-------- Listed entries

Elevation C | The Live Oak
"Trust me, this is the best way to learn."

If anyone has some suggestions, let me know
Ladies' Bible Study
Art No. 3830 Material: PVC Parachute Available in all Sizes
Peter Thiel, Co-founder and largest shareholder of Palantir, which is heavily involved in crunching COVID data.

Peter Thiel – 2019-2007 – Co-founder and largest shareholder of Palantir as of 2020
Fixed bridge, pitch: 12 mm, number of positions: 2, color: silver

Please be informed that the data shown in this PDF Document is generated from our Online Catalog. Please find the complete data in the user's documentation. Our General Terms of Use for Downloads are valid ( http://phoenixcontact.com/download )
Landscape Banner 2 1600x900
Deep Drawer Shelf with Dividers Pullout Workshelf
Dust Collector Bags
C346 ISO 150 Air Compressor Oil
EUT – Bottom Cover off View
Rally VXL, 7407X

----------------
-------- Listed entries

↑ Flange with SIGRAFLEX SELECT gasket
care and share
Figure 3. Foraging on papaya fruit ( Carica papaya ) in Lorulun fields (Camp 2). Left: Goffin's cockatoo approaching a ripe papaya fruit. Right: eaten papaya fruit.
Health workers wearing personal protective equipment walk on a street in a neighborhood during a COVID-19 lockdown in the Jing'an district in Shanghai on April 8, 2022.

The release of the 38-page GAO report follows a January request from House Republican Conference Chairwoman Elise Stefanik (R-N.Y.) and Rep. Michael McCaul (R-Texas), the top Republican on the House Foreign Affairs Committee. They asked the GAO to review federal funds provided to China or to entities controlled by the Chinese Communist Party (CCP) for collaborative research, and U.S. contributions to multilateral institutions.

----------------

Exercise requirements —
Here the output must be the lines above from the line with "Fixed bridge, pitch: 12" to the line with "Rally VXL, 7407X", both included, duplicated word for word and nothing else.

Written response —
Fixed bridge, pitch: 12 mm, number of positions: 2, color: silver

Please be informed that the data shown in this PDF Document is generated from our Online Catalog. Please find the complete data in the user's documentation. Our General Terms of Use for Downloads are valid ( http://phoenixcontact.com/download )
Landscape Banner 2 1600x900
Deep Drawer Shelf with Dividers Pullout Workshelf
Dust Collector Bags
C346 ISO 150 Air Compressor Oil
EUT – Bottom Cover off View
Rally VXL, 7407X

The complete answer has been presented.